Our world needs more of what brings us together, helps our wellbeing, gives communities a voice and supports us in our changing environment. Music has the capacity to do this while contributing to economic wealth, yet participating in the music industry remains one of the most vulnerable and precarious occupations where the pace of technological change can be overwhelming.
In theory, being a DIY musician creates a level playing field and today there are a diversity of approaches and models. Artists of all ages, genres and at all stages of their careers, are able to benefit from wider support for new music as the industry is forced to be less ageist and understand how the audience for music has changed and diversified. However, DIY artists also need to be successful DIY enterprises.
Lack of pension and sick pay; low and variable earnings requiring more than one form of employment are issues many independent artists are confronted with. These reflect the issues enshrined in the gig economy and self-employment.

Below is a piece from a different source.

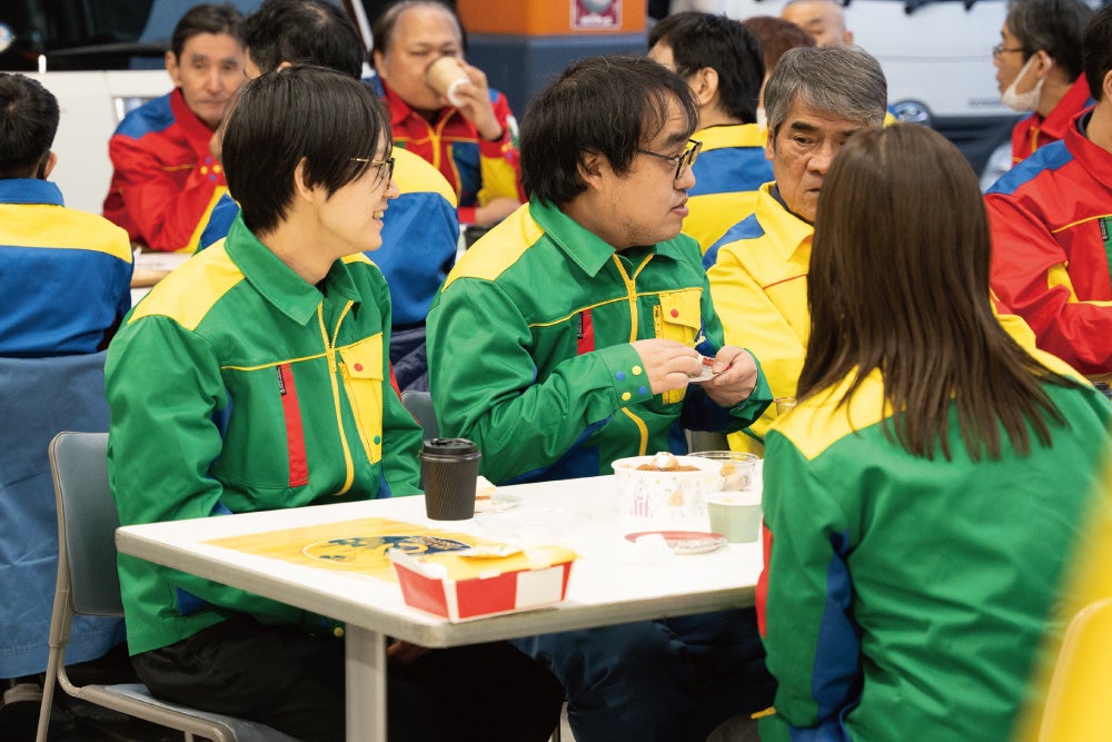 オールシーズン着用できるジャケットは、レッド、ブルー、グリーン、イエローの4色展開。ただカラフルなだけではなく、ユニフォームの色それぞれにチーム名があり、色分けの抽選によって着用するユニフォームのカラーが決まります。部署を超えたカラーという新しいチームが社内の部署を超えたコミュニケーションを生み出します。

However, some issues are specific to musicians: getting music heard in an oversaturated market; playing live is increasingly important for profitability but is challenging for those with mental and physical health issues or artists unable to live close to one another; marketing and selling merchandise requires money up front; legal contracts associated with their work are complicated and confusing and they often have no or limited access to good legal advice, gatekeepers and influential networks within the industry.
Intensive self-learning is required to stay afloat in a constantly evolving industry, entailing an understanding of new technological developments and mastering management of musical enterprise. There is no shortage of resources on how to ‘make it’ in the music industry, much of this information is scattered across the internet, not necessarily updated, can be of questionable quality and is frequently behind a pay wall. That help is needed is broadly recognised.
Key industry players already collaborate to bring issues they face to the attention of policy makers and government, for example, through Music UK. Organisations like PRS, Help Musicians and AIM provide practical support and music conferences provide access to expert advice. These developments aside, the industry struggles to address the career needs of grassroots artists.
Artists are forming their own networks and collaborating freely across continents through the internet. As a result, more experienced independent artists have taken matters into their own hands by mentoring and supporting the next generation of grassroots artists. This support is often one-to-one without external help or resourcing. We need to think about how we can help grassroots independent musicians, particularly those disadvantaged in some way, and encourage the development of a healthy environment for independent artists.
By thinking systemically, we can consider the following issues and find practical solutions:
- How we can better support artists who are facing mental and physical disabilities; who are financially disadvantaged or lack a supportive network; who lack access to music networks; who are rurally located; who are without formal education.
- How we can minimise the generational divide by helping older artists update their industry knowledge.
- How we can make information more accessible by helping people identify, understand and utilise the skills and roles of others (artists, labels, managers, publishers, booking agents, promoters, radio producers, bloggers, journalists, BBC Introducing etc.).
Our Work So Far
Practical actions have been taken to initiate change and increase public awareness on this topic. Eighteen months ago Neil March started a monthly live event through Demerara Records in South-East London to showcase emerging independent artists from sources including Fresh on the Net and BBC Radio 6 Music. In 2019, Neil’s book The Independent Music Sector was published. Neil’s work has successfully attracted Arts Council and National Lottery funding to support the establishment of a community of independent artists through festivals and gigs. However, only so much can be done without the support of a wider network.
By bringing together RSA fellows with a common interest in these concerns, we open the door to wider conversation. These are global issues, RSA Fellows from across the world are encouraged to join us.
We envision an ongoing conversation that can think through issues of concern and potentially draw in others from the industry. We aim to find practical ways to help and support grassroots music as new innovations emerge and so impinge on practice.